# TBI CAI adapter plate



## SuperSentra4203 (Dec 17, 2002)

Alright guys, not sure if this has been discusses before, I couldn't seem to find anything specific using the search. Yea, I searched.

Most Import guys get a new car and withing a week get a CAI for it. Since no one makes them for our cars that are funtional and worth the cash, y'all have taken the project upon yourselves. Last week at Autozone I found an adapter plate that mounts on top of out TBI intakes, and will accept a CAI pipe. It says it's for '88-94 Sentras, as well as many other cars. It's cost is about $15. You just remove the complete airbox and plate, remove the 4 TB screws and put the plate on and put the screws back in, nice and simple. All is left is the intake tube and filter. Now, there is a few vacuum lines just like any other car. Since I'm going to have a muffler shop do my pipe, I'm gonna have them weld on flanges for vacuum lines and I just need to get longer hoses for the lines. Hook the filter up and drive away. Has anyone seen this little intake adapter?? Or am I the only one wandering into AutoZone's Rice Section???


----------



## Crazy-Mart (Jul 14, 2002)

gezz ill go take a look out there ... since ill be probably changing piping soon to put the intercooler ...  nice found !!


----------



## SuperSentra4203 (Dec 17, 2002)

That's it, screw my 2.25" catback, I'm getting the adapter and filter Tuesday. I'll fit it on and just use dryer duct hose for a while to see how it goes. I'm sick of my car pinging and accelerating slow when the motor gets to normal operating temp. Stupid high intake temps.


----------



## minute rice sentra (Mar 21, 2003)

none of the autozones in my city have anything like that that i've noticed. Could you maybe get a pic of it?


----------



## SuperSentra4203 (Dec 17, 2002)

Don't have a digital camera, but i'll figure out who makes it. It seems to have just become available. They now carry several intake adapters like pipe couplers, reducers, flexable intake tubing (3"). Think of a square metal plate with a few holes and slots in it for universal mounting, and a 2.5" or 3" round flange that rises about 1" off of it.


----------



## minute rice sentra (Mar 21, 2003)

cool, I guess I'll see it soon then.


----------



## Nismodriver (Apr 30, 2002)

I'm guessing its a MAF adapter bracket for newer cars.

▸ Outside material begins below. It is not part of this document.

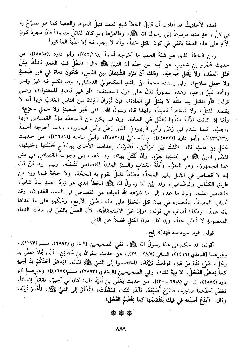 ومن الخطأ الذي هو شبه العمد ما أخرجه أحمد وأبو داود من حديث عمرو بن شعيب عن أبيه عن جده أن النبي صلى الله عليه وسلم قال: "عقل شبه العمد مغلظ مثل عقل العمد ولا يقتل صاحبه وذلك أن ينزو الشيطان بين الناس فتكون دماء في غير ضغينة ولا حمل السلاح"، وفي إسناده محمد بن راشد المكحولي الدمشقي وقد تكلم فيه غير واحد ووثقه غير واحد وهذه الصورة تدل على قول المصنف أو غير قاصد للمقتول وعلى قوله أو للقتل لما مثله لا يقتل في العادة فإن ثوران الفتنة بين الناس الغالب فيها أنه لا يقصد القتل ولا شخصا معينا ولهذا قال رسول الله: "في غير ضغينة ولا حمل سلاح" وأما إذا كانت الآلة مثلها يقتل في العادة وإن لم يكن من المحدد فإن القصاص فيها واجب كما تقدم في رض رأس اليهودي الذي رض رأس الجارية وكما أخرجه أحمد "13/136"، وأبو داود "4572"، والنسائي "4820"، وابن ماجه "2641"، من حديث حمل بن مالك قال" كنت بين امرأتين فضربت إحداهما الأخرى بمسطح فقتلتها وجنينها فقضى النبي صلى الله عليه وسلم في جنينها بغرة وأن تقتل بها وقد ذهب إلى وجوب القصاص في مثل هذا الجمهور وهو الحق وأدلة الكتاب والسنة المثبتة للقصاص تشمله وليس بيد من قال إنه لا قصاص في القتل بغير المحدد مطلقا دليل تقوم به الحجة ولا حجة فيما ورد من طريق الكذابين والوضاعين وقد بين لنا رسول الله صلى الله عليه وآله وسلم الخطأ الذي هو شبه العمد بيانا شافيا فلنقتصر عليه ونرد ما عداه إلى ما شرعه الله لعباده من القصاص في العمد العدوان وقد أصاب المصنف باقتصاره في بيان قتل الخطأ على هذه الصور الأربع وحكمه على ما عداها بأنه عمد وهكذا أصاب في قوله وإن ظن الاستحقاق لأن العمل بالظن في سفك الدماء المعصومة لا تبطل حقا وإن كان دون القتل فضلا عن القتل.
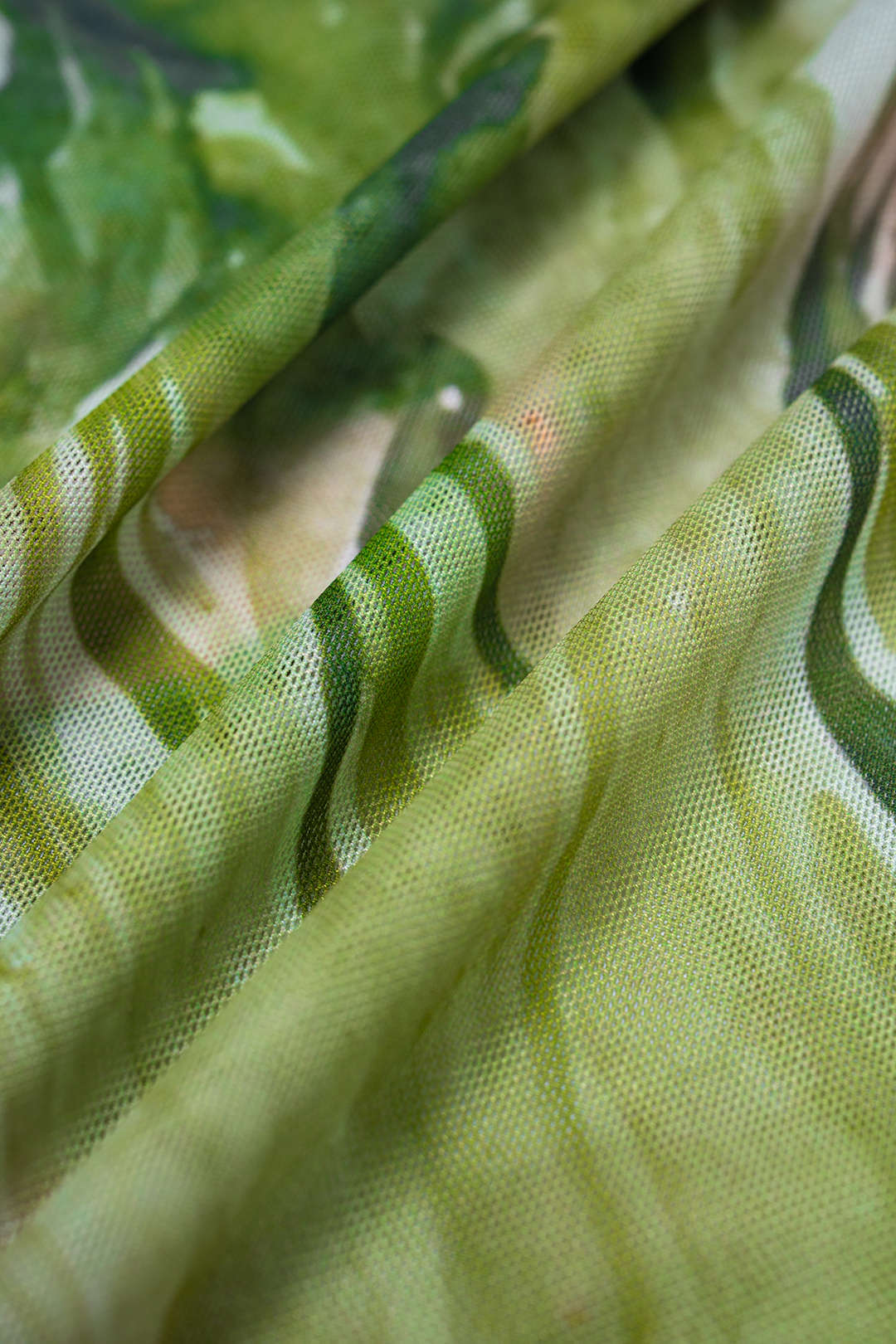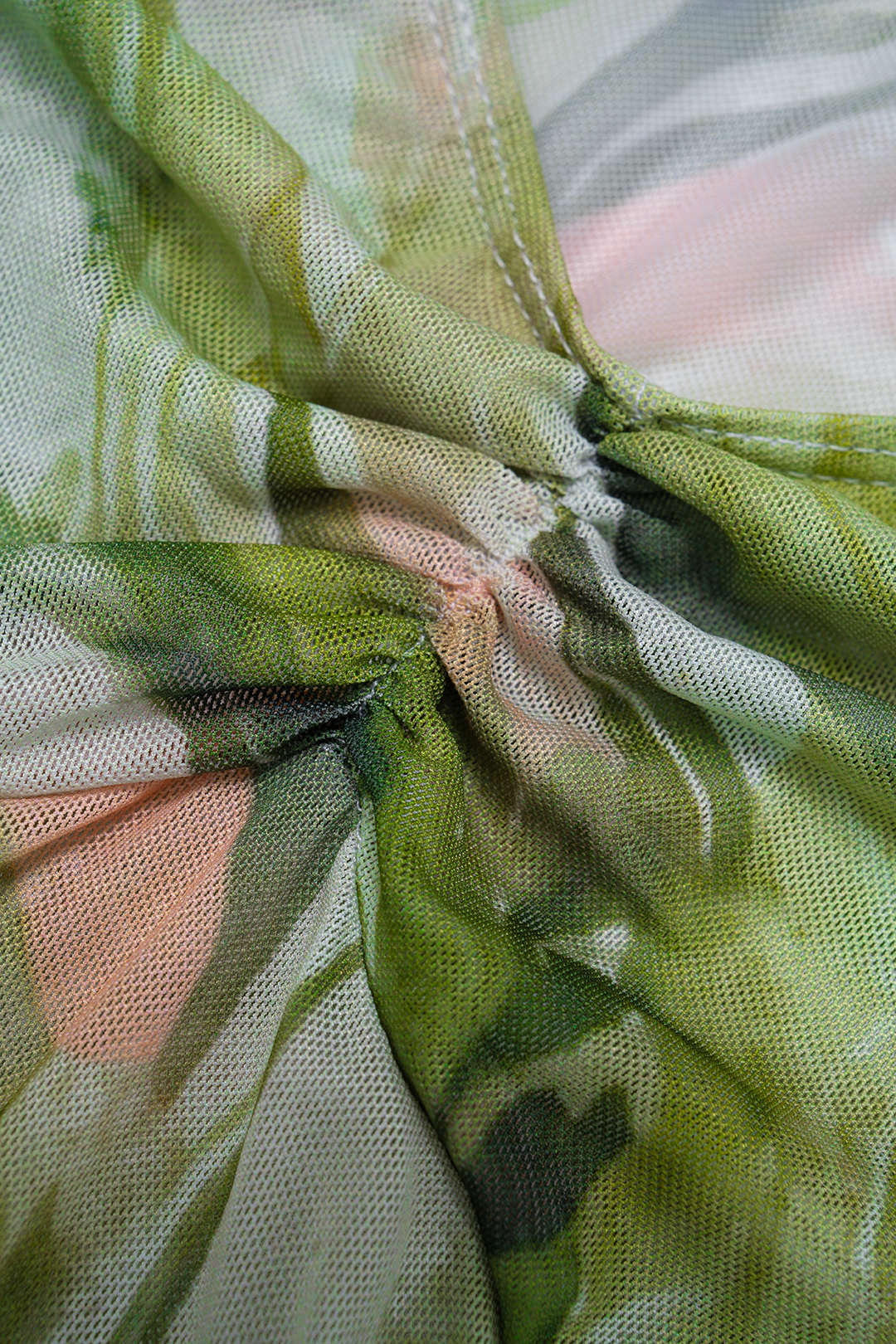 Detalles adicionales: Estampado artístico en tonos orgánicos y drapeado suave en la falda que aportan un acabado elegante y contemporáneo.

I never thought about using one of those. Was Nissan nice enough to use the same bolt pattern from the older TB's to the newer MAF's? That's good stuff. Nice enginuity!

John


----------



## SuperSentra4203 (Dec 17, 2002)

I looked at the package, it's not a MAF adapter, but they do have one of those, too. It is actually designed at a starting point off the TB for a CAI to be made. It says it is for Nissan 88-94 Sentra, many other Nissans as well ans other imports. Seems like it can be universally used too. Even looks like I could put a CAI on my sisters 88 cutlass with the Tech-4 TBI motor. It's actually called a TB adapter plate.


----------



## Nismodriver (Apr 30, 2002)

Kewl stuff. Would be great for that DIY turbo piping to ;o)

John


----------



## Enygma (Jan 12, 2003)

Found this on Ebay. Take a look.

http://cgi.ebay.com/ebaymotors/ws/eBayISAPI.dll?ViewItem&category=6763&item=2429999372

Seems all you need is some pipe. And like SuperSentra says, you can get a muffler shop to weld on flanges for vacuum lines.


----------



## ahardb0dy (Nov 9, 2003)

what was the brand name on the plate you got from autozone?


----------



## Crazy-Mart (Jul 14, 2002)

your digging way too long ago lol  i dont even remember if all of this went throu


----------



## ahardb0dy (Nov 9, 2003)

Crazy-Mart said:


> your digging way too long ago lol  i dont even remember if all of this went throu



sorry about that after I posted that I realized it was from a year ago!


----------



## Crazy-Mart (Jul 14, 2002)

i think i remember a company doing this in my area... well somewhere in quebec .. they charged an arm for 1... that was about a year ago ... i dont even think the company still exist anymore ...


----------



## astreamk1 (Apr 16, 2004)

was it DG Racing ? they make one for the B12, as far as I know, you can still get ?











DG Racing


----------



## ahardb0dy (Nov 9, 2003)

if the intake is the one in the picture they can keep it, the purpose of the intake is to pull in cold air, i don't see that one doing that


----------



## Crazy-Mart (Jul 14, 2002)

yes it is this one .... ahardb0dy, you could still add a section goind down from there behind the tranny ... as of myself ill have one made for my intercooler setup.. the one in pvc gatta go (some way or another) so i can put the metal piping instead..


----------



## Dropped89 (May 3, 2002)

ive got a guy who will sell the first ever made DG racing intake if anyone is interested? 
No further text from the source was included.